The distribution parameters are selected randomly from the profile distribution if they are not specified, else can be selected based on their index (sim and size).
- Parameters:
q – a vector of quantiles
sim – the simulation number
size – the sample size
lower_tail – if TRUE (default), probabilities are P[X ≤ x] otherwise, P[X > x]
- Return type:
a numpy array
- pdf(x: ArrayLike, sim: int | None = None, size: int | None = None, log: bool = False) NDArray[float64][source]
Overridden method to calculate a modified Probability Density Function specific to ProfiledDistribution.

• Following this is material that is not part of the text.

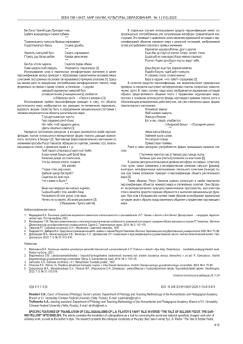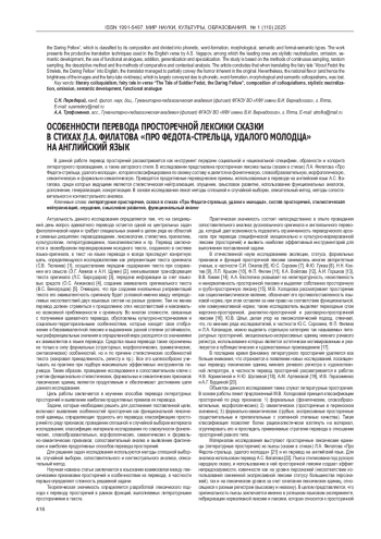 Статья: ОСОБЕННОСТИ ПЕРЕВОДА ПРОСТОРЕЧНОЙ ЛЕКСИКИ СКАЗКИ В СТИХАХ Л. А. ФИЛАТОВА «ПРО ФЕДОТА-СТРЕЛЬЦА, УДАЛОГО МОЛОДЦА» НА АНГЛИЙСКИЙ ЯЗЫК (2025)

The distribution parameters are selected randomly from the profile distribution if they are not specified, else can be selected based on their index (sim and size).
- Parameters:
x – a vector of quantiles
sim – the simulation number
size – the sample size
log – whether to return the log density
- Return type:
a numpy array
- quantile(p: ArrayLike, sim: int | None = None, size: int | None = None, lower_tail: bool = True) NDArray[float64][source]
Overridden method to calculate a modified Probability Density Function specific to ProfiledDistribution.
The distribution parameters are selected randomly from the profile distribution if they are not specified, else can be selected based on their index (sim and size).
- Parameters:
p – a vector of probabilities
sim – the simulation number
size – the sample size
lower_tail – if TRUE (default), probabilities are P[X ≤ x] otherwise, P[X > x]
- Return type:
a numpy array
- ppf(p: ArrayLike, sim: int | None = None, size: int | None = None, lower_tail: bool = True) NDArray[float64][source]
Alias method for quantile function
- random(n: int = 1, sim: int | None = None, size: int | None = None, seed: int | None = None) NDArray[float64][source]
Overridden method to generate a modified random sample specific to ProfiledDistribution.
The distribution parameters are selected randomly from the profile distribution if they are not specified, else can be selected based on their index (sim and size).
- Parameters:
n – the number of draws
sim – the simulation number
size – the sample size
seed – an optional value to initialize the random seed generator
- Return type:
a numpy array